The New Democrats and Liberals are at odds over the rollout of the new federal dental plan after the government announced it won’t fully expand eligibility until 2025 — contrary to the pact it signed with the NDP.
The dental-care plan eventually will cover all uninsured Canadians with an annual household income under $90,000. It’s one of the main pillars of a Liberal deal with the NDP intended to prevent an election before 2025.
The deal calls for the program to be fully implemented by the end of the year, but on Wednesday, the government announced registration wouldn’t begin for most adults between the ages of 18 and 65 until next year.
The announcement runs contrary to assurances NDP health critic Don Davies said he received from the health minister just last week.
“I got a clear answer that it would begin before the end of 2024,” he said.
Davies said the pact between the two parties is “crystal clear” about when the program is supposed to be implemented.
“So we expect enrolment to begin for everybody this year,” he said.
The minister’s office did not immediately respond to a request for comment about the assurances Davies was given.
So far, more than 400,000 people have begun the enrolment process to join the federal plan, which is set to start accepting claims in May.
Enrolment is now open to people over the age of 72 and will expand in May to people aged 65 and up. People with disabilities and children under the age of 18 will be able to apply in June.
“Everyone else who’s eligible can apply online starting in 2025,” Seniors Minister Seamus O’Regan said at a Parliament Hill press conference Wednesday.
When asked about the delay, Health Minister Mark Holland said enrolling up to nine million Canadians in the program is complicated.
“Would I like to get there tomorrow? Yes, but physics and the laws of gravity and reality constrain us, and so our ambition has to be constrained with getting it right,” Holland said.
The enrolment process can be a significant barrier to people, especially those who have never received oral-health care before, he said.
That’s why the government wants to make it as seamless as possible, he said.
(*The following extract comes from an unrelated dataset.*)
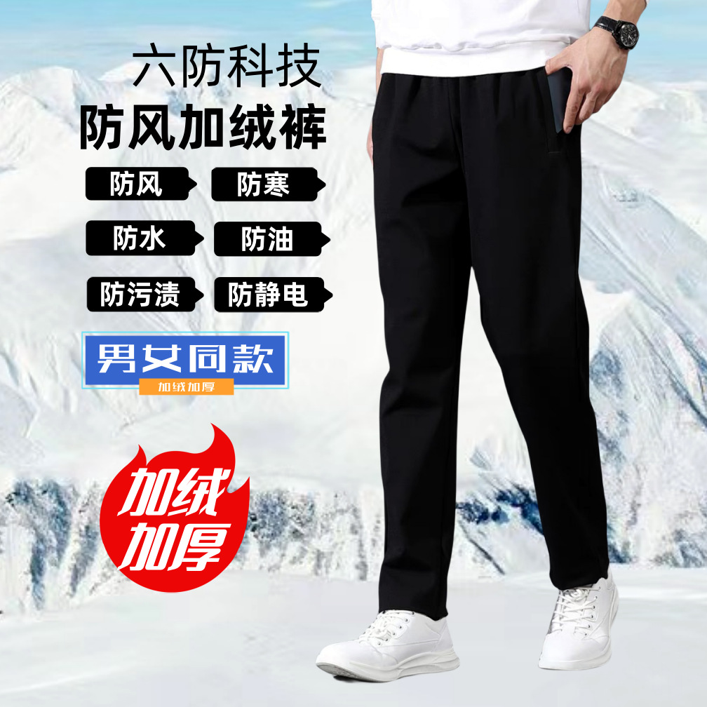 가을과 겨울 기모 6 가지 방풍 바지 따뜻한 바지 남성 및 여성 두꺼운 방풍 코튼 바지 방수 방한 따뜻한 캐주얼 바지

Right now, for example, wait times to get through to a government call centre to begin the process are “almost instantaneous,” the minister said.
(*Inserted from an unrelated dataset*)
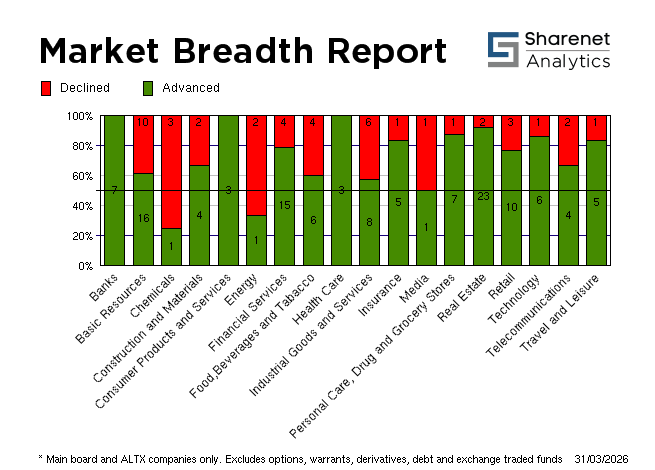 | 30/03/2026 | 226 | 215 | 30 | 471 | 322,434,032 | R28,226,294,017 | 416543 | 0 | | 27/03/2026 | 87 | 293 | 30 | 410 | 304,149,705 | R25,817,174,016 | 471056 | 0 | | 26/03/2026 | 141 | 230 | 36 | 407 | 253,318,890 | R24,980,347,120 | 378076 | 0 | | 25/03/2026 | 278 | 108 | 30 | 416 | 314,082,554 | R31,328,651,509 | 553223 | 0 | | 24/03/2026 | 258 | 169 | 32 | 459 | 314,918,951 | R29,423,508,383 | 460621 | 0 | * Includes all listed instruments on the JSE

“We have to make sure, as much as we possibly can, that we get it right and that they have a positive experience,” he said.
Davies said Sun Life, the private company contracted to administer the plan, can process up to 500,000 enrolment applications per month and the money for full enrolment has been budgeted already.
“If there’s any deviation from the confidence-and-supply agreement, the NDP will take the government to task over it,” he pledged.